Dejando atrás la barbacana, los jinetes entraron en otro patio cerrado, donde había unos cuantos barracones de madera.
—Ahí está acuartelada la tropa —dijo Kate.
El destacamento atravesó ese patio, cruzó un segundo foso por un segundo puente levadizo, y traspuso una segunda barbacana con torres gemelas aún mayores: unos diez metros de altura, y resplandecientes por la luz proyectada desde docenas de aspilleras.
Una vez en el patio interior del castillo, desmontaron. Oliver condujo al profesor hacia el gran salón, y ambos desaparecieron por la puerta.
—El profesor dijo que si nos separábamos, debíamos ir al monasterio en busca del hermano Marcelo, que tiene la llave —recordó Kate—. Supongo que se refería a la llave del pasadizo secreto.
Marek asintió con la cabeza.
—Y eso haremos. Pronto anochecerá, y entonces nos pondremos en marcha.
Chris miró ladera abajo. En la oscuridad, veía reducidos piquetes de soldados distribuidos por los campos hasta la orilla misma del río.
—¿Quieres ir al monasterio esta noche?
Marek volvió a asentir.
—Por arriesgado que parezca ahora —dijo—, mañana será mucho peor.
No había luna. Sólo alguna que otra nube surcaba el cielo negro y estrellado. Guiados por Marek, descendieron por la ladera, bordearon el pueblo de Castelgard en llamas y se adentraron en un lóbrego paisaje. Sorprendido, Chris advirtió que, una vez adaptada la vista a la oscuridad, veía bastante bien a la luz de las estrellas. Debido probablemente a que no había contaminación atmosférica, pensó. Recordó haber leído que en siglos anteriores se divisaba el planeta Venus en pleno día tal como en el presente vemos la luna. Por supuesto, eso era imposible desde hacía cientos de años.
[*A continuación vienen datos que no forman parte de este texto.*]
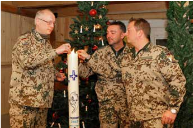
Das Team der Katholischen Militärseelsorge in Kunduz grüßt mit der Weltfriedenstagskerze aus der sanierten „Gottesburg“ zusammen mit einem Soldaten vom Dezernat der BauInfra „alle Kamerad(innen) in den Einsätzen und in der Heimat“.

Somit ist das Argument nicht stichhaltig genug, um daraus die Präsenz von Militärseelsorger*innen in deutschen Kasernen abzuleiten, da auch nach Dienstschluss noch genug Möglichkeiten bestehen, kirchliche Einrichtungen zu besuchen oder Gespräche zu führen.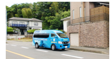
10. 宝寿院前バス停横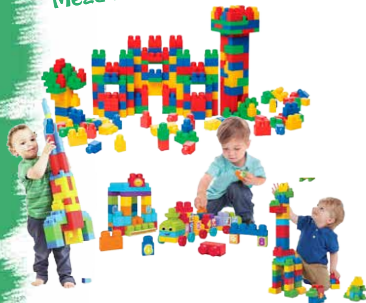
Mega Bloks Zone

2h, avec comédien costumé, et moquette gazon.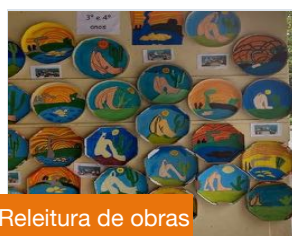
Releitura de obras

professoras de arte da escola fizeram uma Releitura de Obras de alguns artistas. Este trabalho faz com que as crianças tenham contato com a arte desenvolvendo assim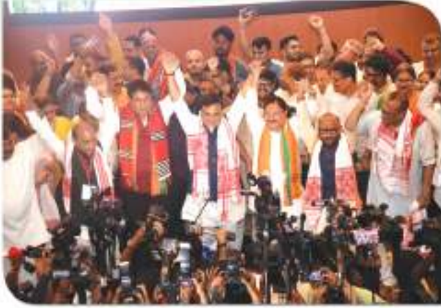
২০২৬ চনৰ বিধান সভা নিৰ্বাচনৰ ফলাফল ঘোষণাৰ পিছত বিজেপিৰ মুখ্যকাৰ্যালয়ত ড° হিমন্ত বিশ্ব শৰ্মা সংবাদমেল সন্মোহন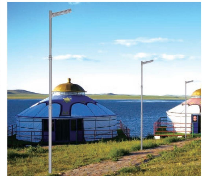
型号: LDTYN-09802 型 高度: 5-8m 光源: LED

地址: 扬州市北郊高邮菱塘镇工业园区 (邮天路与新扬菱路交界处) 传真: 0514-84238418 http://www.bswjt.com (照明网址)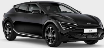
Aurora Black Pearl Kleurcode: ABP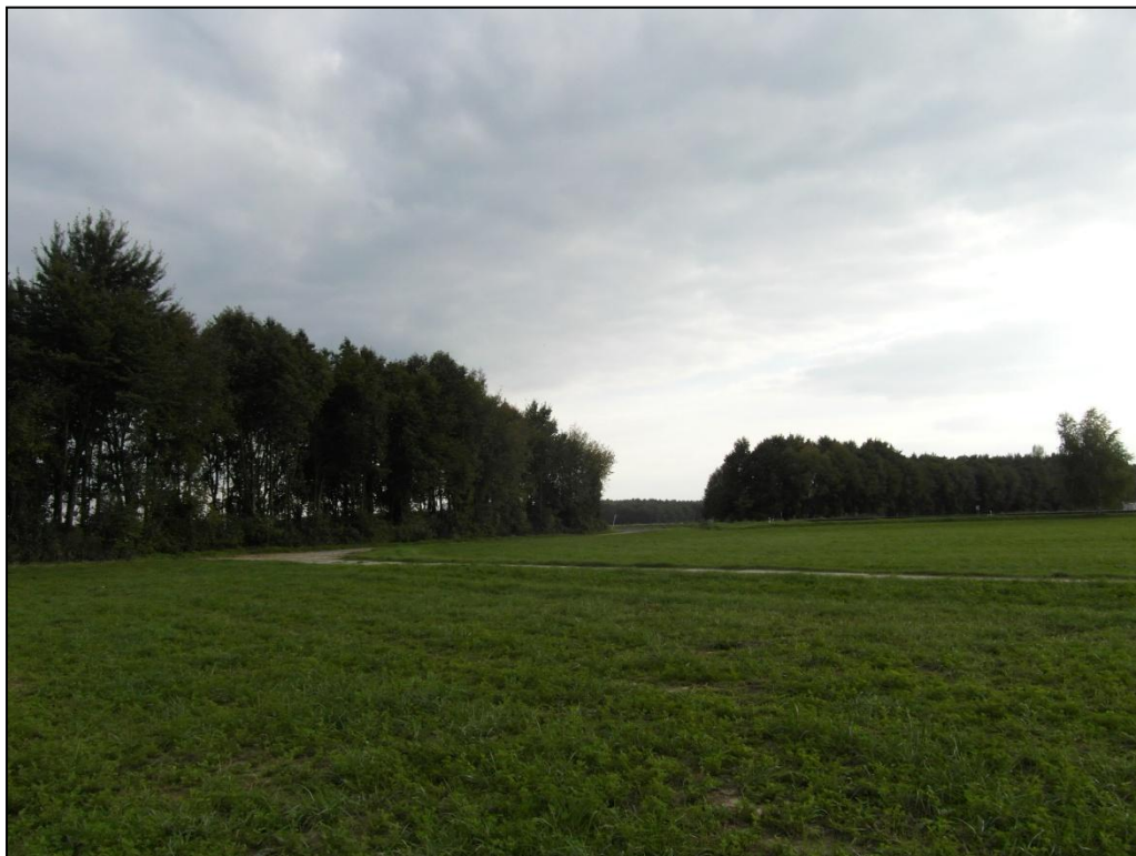
Obr. 16 TVP 4 v blízkosti cesty Veselí nad Moravou – Kyjov (29. 9. 2013).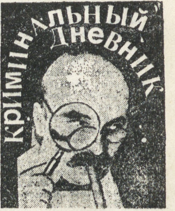
За минувшие сутки по области зарегистрировано 254 преступления, показатель прошлого года 265, по 117 преступлений раскрыто

Что представляет из себя российская культура на сегодняшний день и какова ее роль, ее место в жизни общества, каков ее потенциал, ее созидательная сила?

Le sorprendió asimismo el profundo silencio de la noche. Lo más sonoro que oían eran sus propios pasos a través de la hierba y los matorrales.
—Iremos hasta el camino y luego bajaremos al río —musitó Marek.
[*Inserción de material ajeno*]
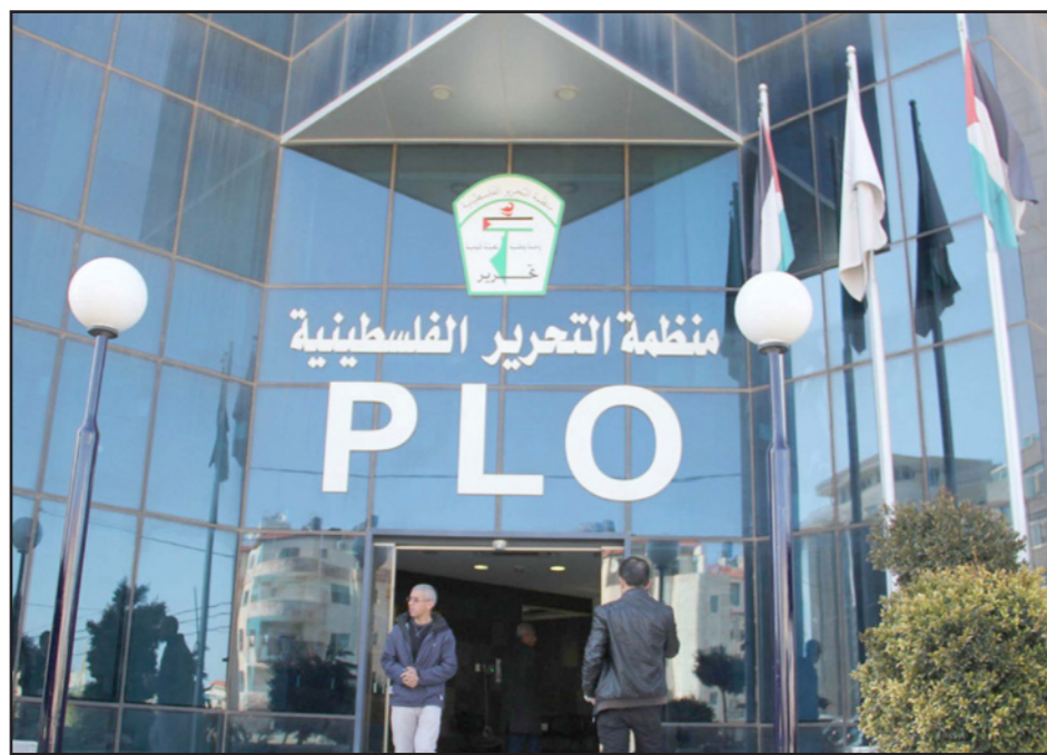
مكتب منظمة التحرير في واشنطن

ويكشف هذا القرار، حسب البيان، أن الإدارة الأمريكية تعتمد صيغاً سياسية شكلية ليس لها أي أثر أو وزن من شأنها إجبار إسرائيل على وقف عمليات تعميق وتوسيع الاستيطان، وبالتالي فإن الموقف الأمريكي المعلن بشأن حل الدولتين يفقد مصداقيته ويتآكل بالتدريج. وكان الرئيس بايدن، قد أبلغ بينيت خلال لقائهما في أغسطس/آب الماضي في البيت الأبيض، أنه «لن يتنازل» عن إعادة فتح القنصلية الأمريكية في القدس لخدمة الفلسطينيين، كما كمر مسؤولون في إدارته تمسكهم بـ«حل الدولتين» ورفض الاستيطان، لكن دون ضغوط حقيقية على إسرائيل لتنفيذ الأمر.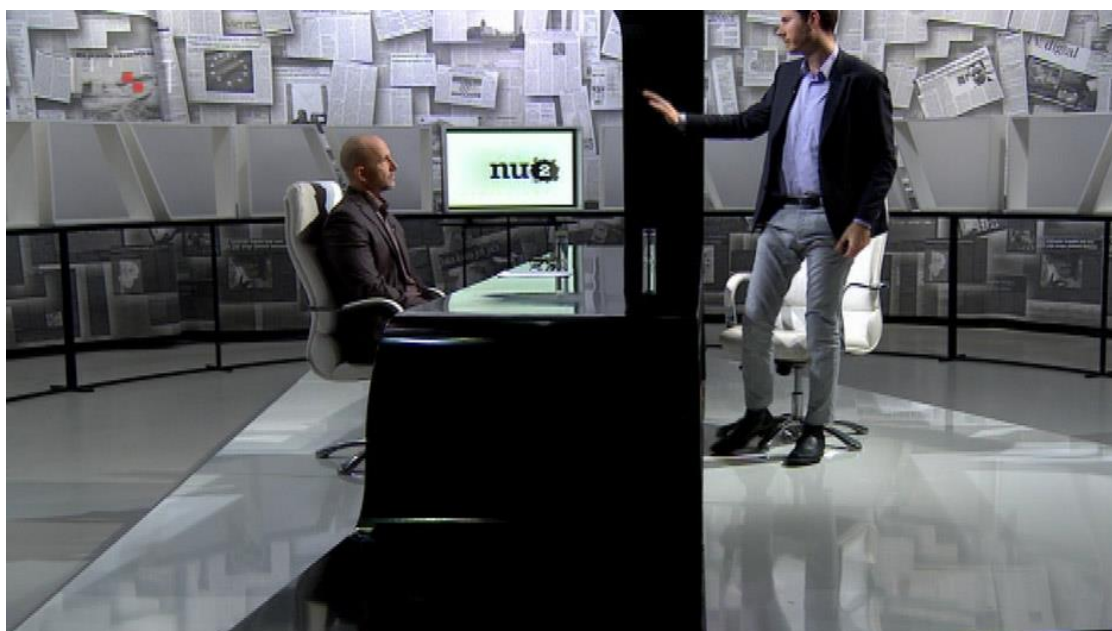
Slika 3.2.1. Ivan Pernar napustio je emisiju Nedjeljom u 2

Kako ga je voditelj više puta prekidao, Pernar je rekao da će napustiti razgovor ako ne bude imao pravo odgovoriti na pitanje do kraja. Kada ga je voditelj emisije vratio s Izraela na temu HRT-a, Pernar se ponovno pobunio da mu voditelj ne dopušta do kraja odgovoriti na postavljeno pitanje. I voditelj je također postao vidno uznemiren i ne baš prijateljski nastrojen prema gostu. Nakon što je rekao da je on ovdje voditelj i da on postavlja što on hoće, Pernar je izašao iz studija i prekinuo emisiju. Stanković je emisiju odjavio uz kratko obrazloženje. U medijima je nastala velika drama oko toga tko je zapravo u tom intervjuu bio „kriv“ odnosno tko nije poštivao pravila profesionalnog intervjua. Vjerojatno zbog takvoga završetka intervjua, taj je razgovor jedan od gledanijih sa saborskim zastupnikom Ivanom Pernarom.

Avanzaron lentamente. Con frecuencia, Marek se detenía y, agachándose, escuchaba con atención durante dos o tres minutos antes de seguir adelante. Pasó casi una hora hasta que avistaron el camino que discurría entre el pueblo y el río. Era una franja clara destacándose sobre el fondo relativamente más oscuro de la hierba y el follaje que lo flanqueaban.
Allí, Marek paró una vez más. Reinaba un silencio absoluto. Se oía sólo el murmullo del viento. Impaciente por seguir, Chris aguardó un minuto e hizo ademán de erguirse.